How much of this amazing plan, which also contains some neat chiselling in favor of native versus foreign capitalists, and opens the door to glittering vistas of graft in semi-state, semi-private finance, mortgage, and other enterprises – will be carried out depends, of course, on how much pressure is exercized by each favored class. With all its jokers, it should not be underestimated, for it gives the workers a good deal of leverage. So far it has had one important effect. It has stimulated organization, so that now for the first time in several years, Mexico has a strong labor movement again.

To be sure, the “pro-worker” clauses in the Six-Year Plan exist because the workers were already powerfully organizing. They are significant clues to a rapidly developing revolutionary situation. In the face of it the Calles gang manoeuvres to keep the struggle in the cultural field.

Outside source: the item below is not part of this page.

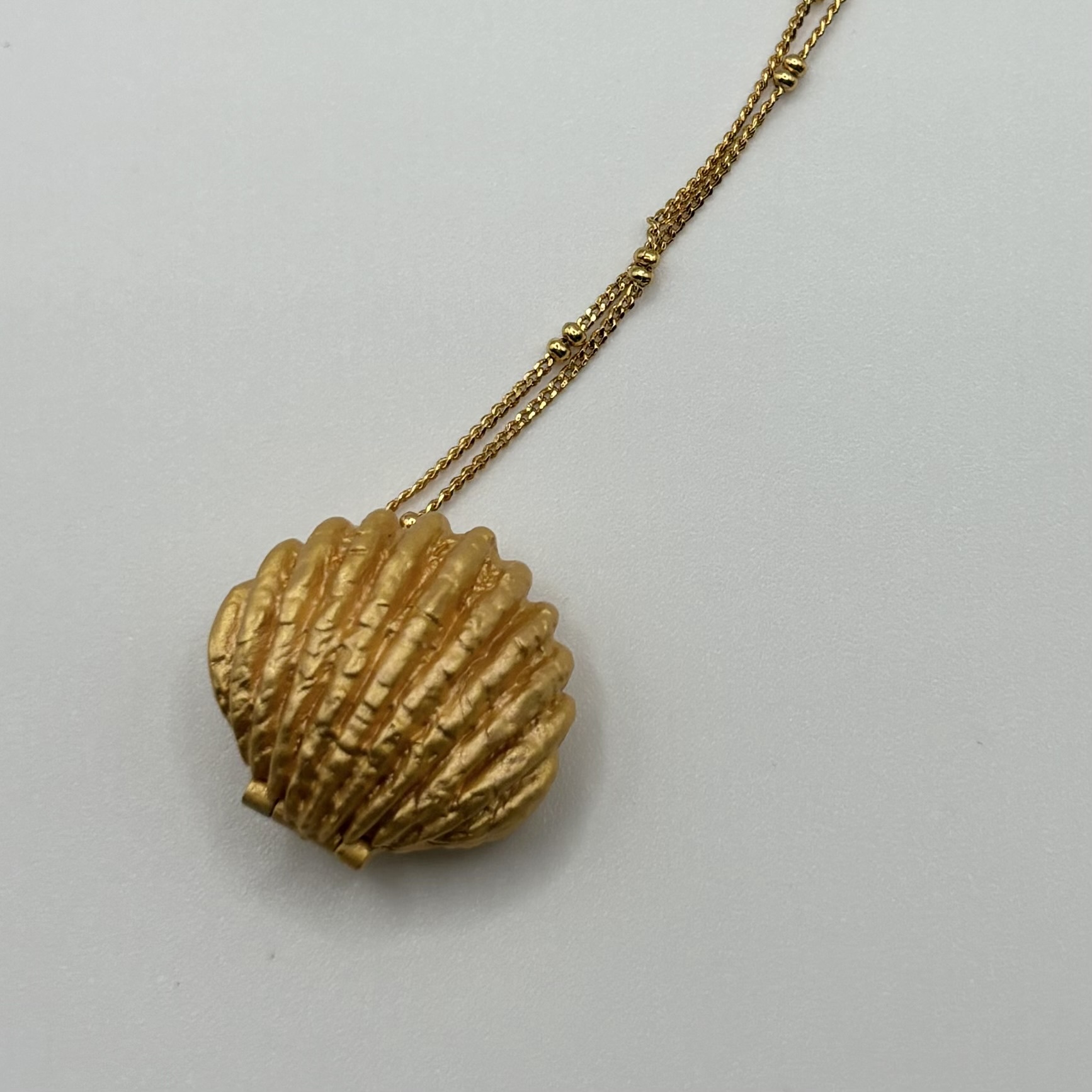 開閉できる貝殻とパールのネックレスは、優雅さと遊び心を兼ね備えた魅力的なアクセサリーです。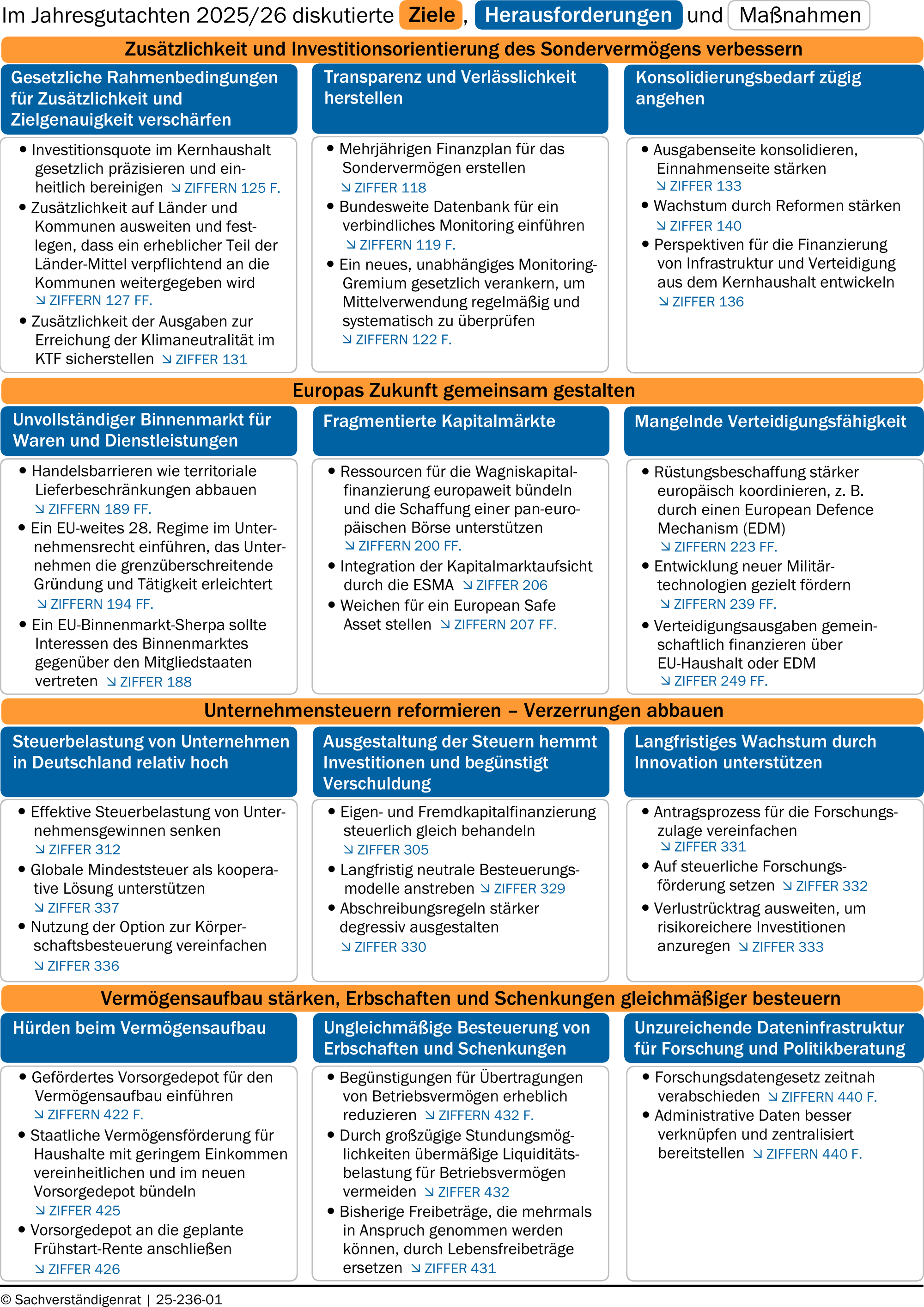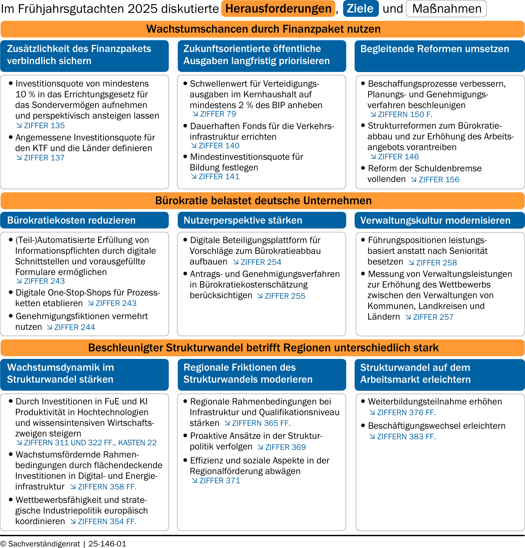 (2) Im Frühjahrsgutachten 2025 hat der Sachverständigenrat Wirtschaft eine erste Einschätzung des Finanzpakets vorgelegt. ZIFFERN 488 FF. Im Mittelpunkt standen dabei Fragen nach seiner zweckdienlichen Ausgestaltung sowie nach dessen gesamtwirtschaftlichen Wirkungen. Darüber hinaus hat der Sachverständigenrat im Frühjahr 2025 erörtert, wie durch einen konsequenten Abbau überflüssiger Bürokratie Kosten für die Unternehmen reduziert und Wachstumshemmnisse beseitigt werden können. ZIFFERN 588 ff. Schließlich wurde diskutiert, wie Deutschland die regional unterschiedlichen Auswirkungen des Strukturwandels bewältigen kann. ZIFFERN 693 FF.

It is easier, obviously, to go “Left” in painting, writing, and teaching, than to give way to revolutionary pressure where it touches Calles and Co. capitalists and affects imperialist pockets. Hence the focus of the fight now is the “socialist education” law which constitutes exactly nothing more and nothing less than a stiff blow to the church. For the only economic basis left the clergy is teaching in “lay” private schools. Obviously they cannot teach “socialism” as the law requires; it means excommunication from the church. The church takes a desperately defensive position, calling for American intervention, since that is now, literally, its only hope. The government meanwhile, builds a good rousing show out of the fight. It gives the petty bourgeois demagogues something to do, and the intelligentsia – noisily “socialist” on the Left wing of the Calles party-something confusing to think about. Presumably it is supposed to convince the workers and peasants that Calles is Lenin after all.

But they are not impressed. They take no part, unless paid well, or threatened formidably, in either pro-church or pro-government parades. Riots around churches are, as a rule, artificially provoked by one or the other side. The bourgeoisie is half-indifferent, half-hopeful, and gives secret but weak support to the Catholic agitators. Certain parts of it – the liberal professionals especially – have made some attempt to support the church agitation on a “free speech” issue, claiming curiously that the socialist education measure was objectionable because: 1) It violated free speech; and 2) it wasn’t socialist enough, This petty piece of irresponsible gesturing was supported – in fact inspired by – the communist party. It made bedfellows of the reactionary rector of the University, and the radical intelligentsia, FSU brand. Much to the advantage of Calles, the Mexican working class has now reason to wonder whether the Stalinist party and the Catholic clergy are sisters under the skin. Apparently its leaders have been unable to grasp the fact that all the progressive measures advocated by the Cardenas (Calles) government were forced upon it by working class pressure. Instead of supporting them, insisting that they be carried out, they attack them on the anarchist theory that anything governmental is to be repudiated and condemned. For them too, the goal of all activity is to put on a howling revolutionary show; even if in tacit alliance with the Fathers of the Holy counter-revolution itself.